» **Activity**:
From the material below, please set down exactly the lines starting with the one with "Op het schilderij" and going on through the one with "2. 格式选择:在输出格式下", without a single picture.

» **Records for processing**:
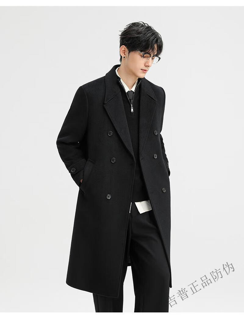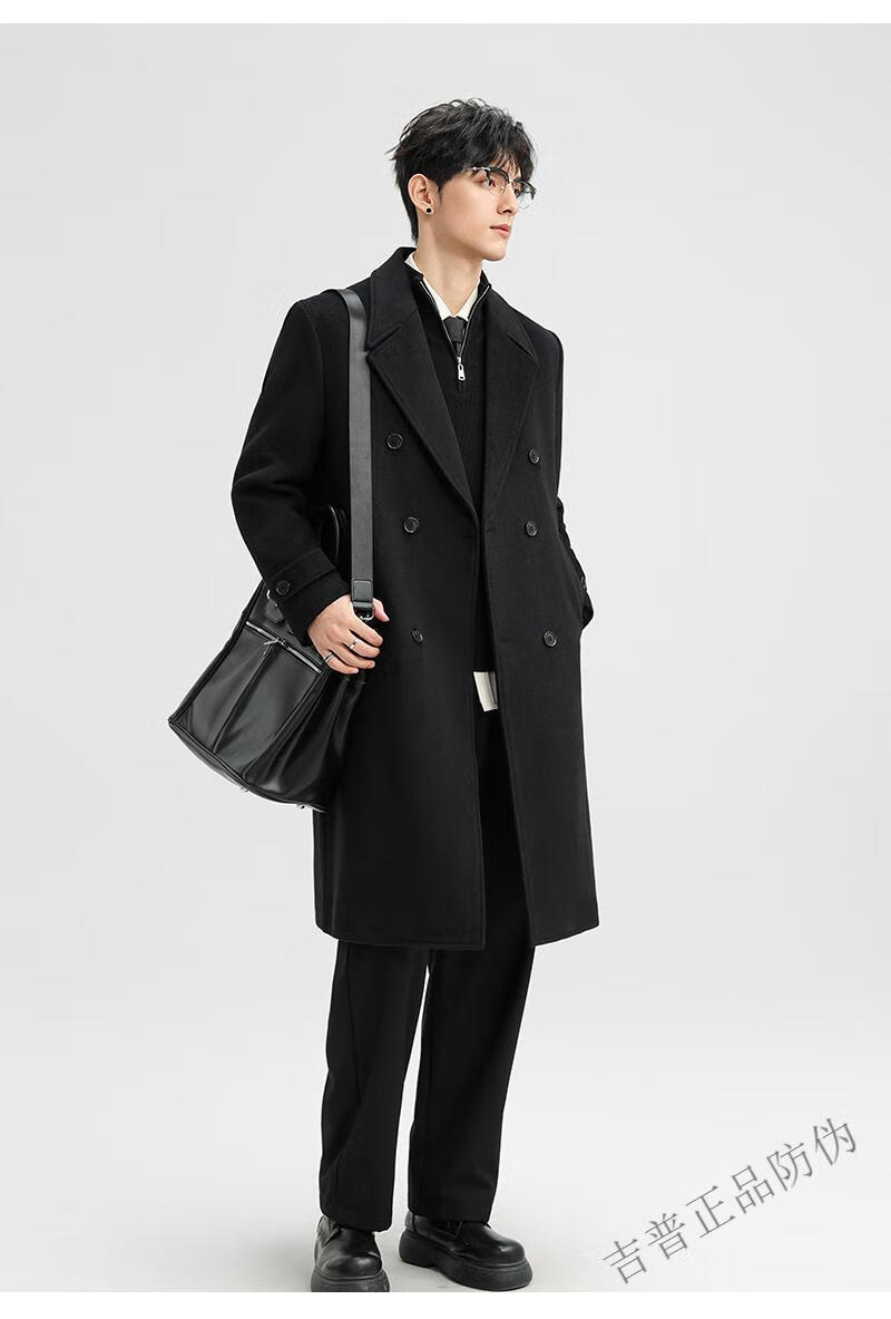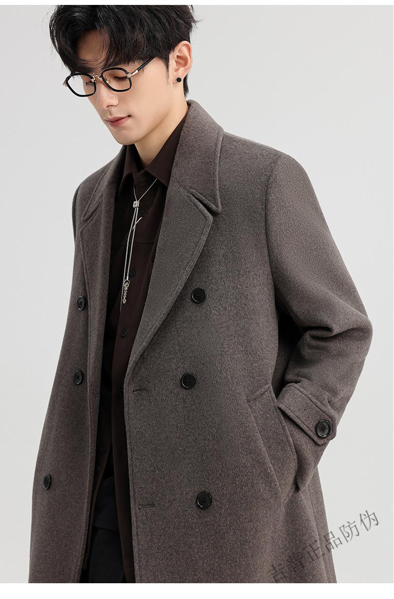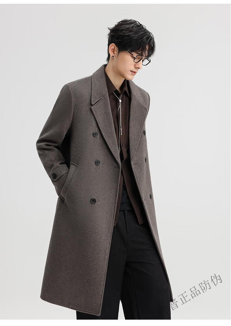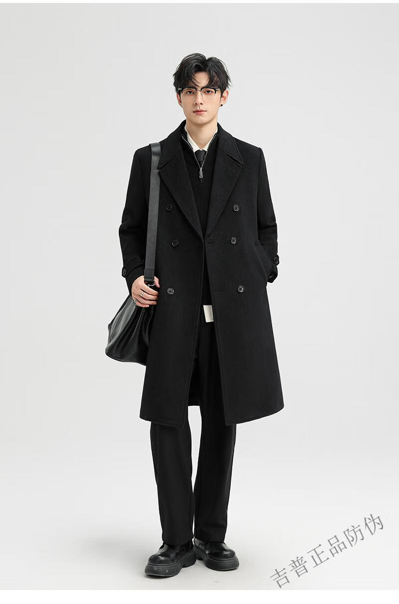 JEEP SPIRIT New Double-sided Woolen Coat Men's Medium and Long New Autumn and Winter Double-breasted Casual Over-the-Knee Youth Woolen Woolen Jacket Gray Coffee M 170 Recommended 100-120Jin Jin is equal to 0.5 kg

--

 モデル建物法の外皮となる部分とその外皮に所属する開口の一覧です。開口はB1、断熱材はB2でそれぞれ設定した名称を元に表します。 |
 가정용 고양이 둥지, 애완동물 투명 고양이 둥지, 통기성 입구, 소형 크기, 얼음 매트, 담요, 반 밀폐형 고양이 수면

...

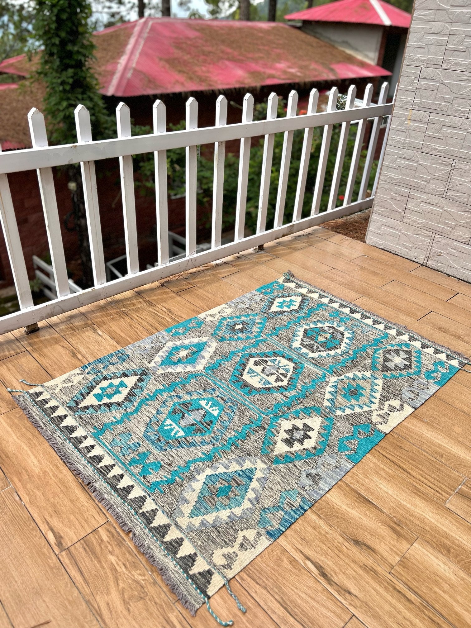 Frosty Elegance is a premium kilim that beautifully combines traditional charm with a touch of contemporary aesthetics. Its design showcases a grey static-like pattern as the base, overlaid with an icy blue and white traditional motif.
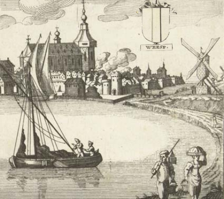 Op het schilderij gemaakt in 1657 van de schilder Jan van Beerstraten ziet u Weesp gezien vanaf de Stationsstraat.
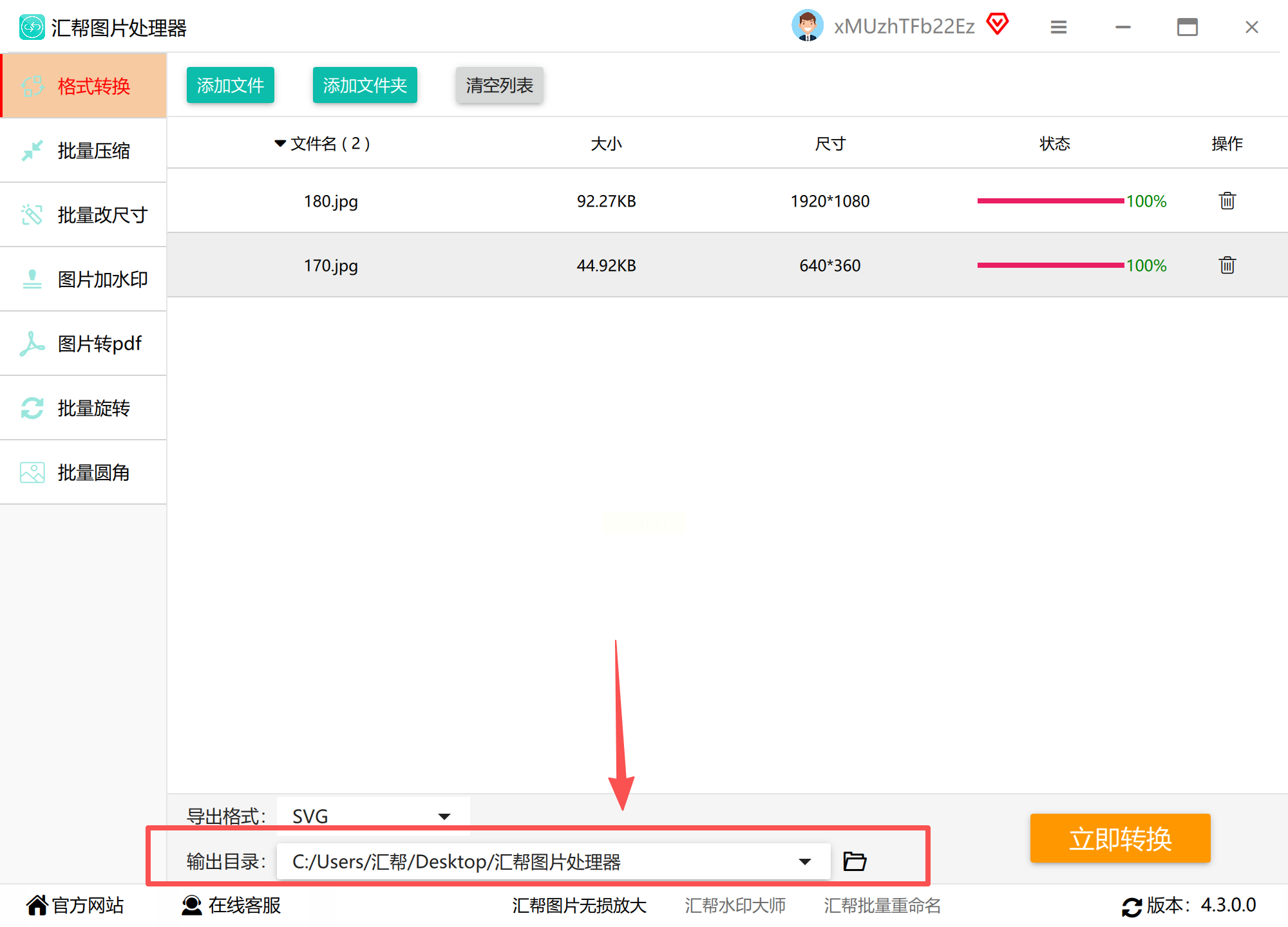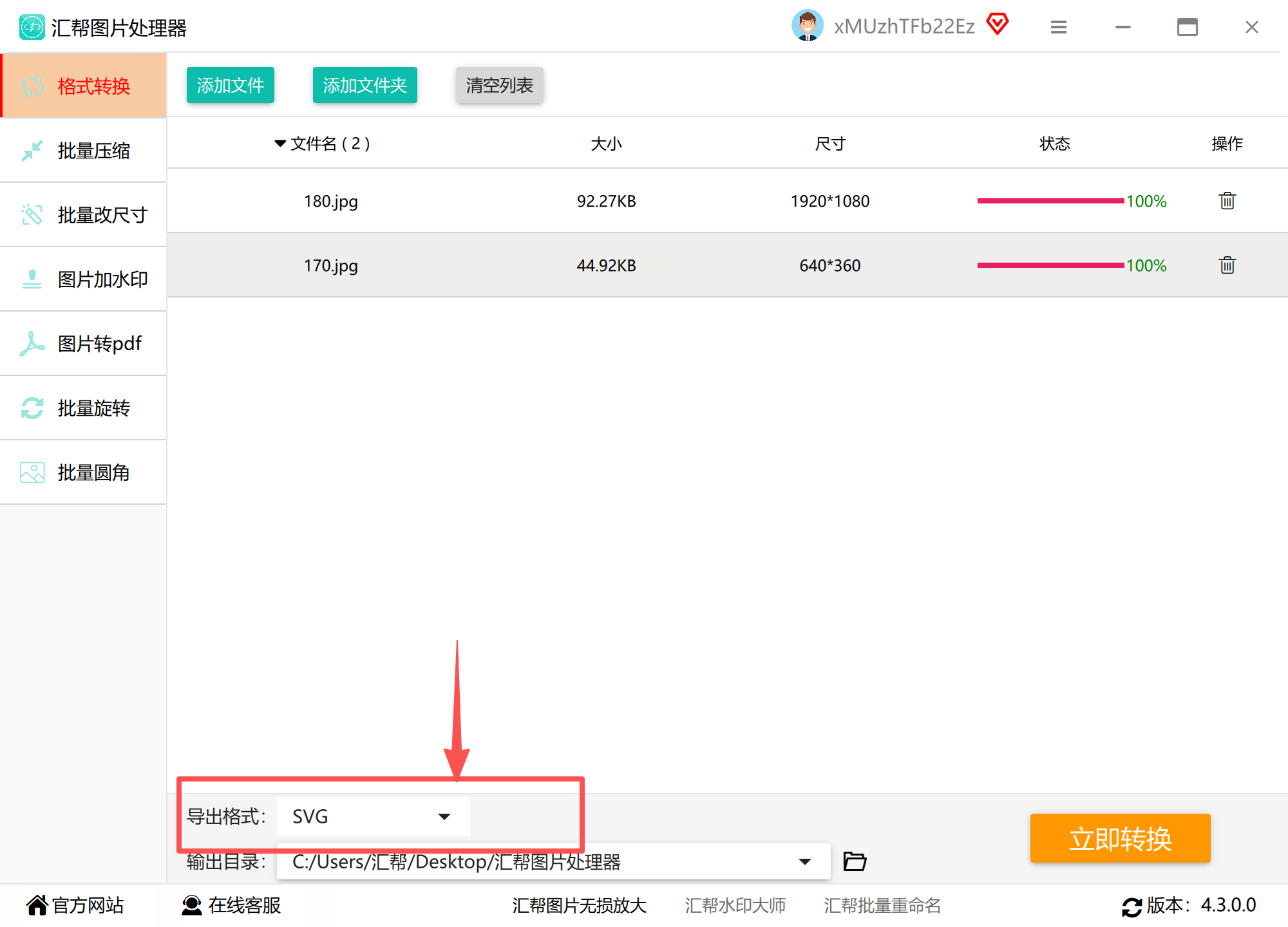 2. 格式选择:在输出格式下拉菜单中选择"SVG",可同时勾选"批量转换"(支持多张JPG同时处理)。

» **Solution to the problem**:
 Op het schilderij gemaakt in 1657 van de schilder Jan van Beerstraten ziet u Weesp gezien vanaf de Stationsstraat.
 2. 格式选择:在输出格式下拉菜单中选择"SVG",可同时勾选"批量转换"(支持多张JPG同时处理)。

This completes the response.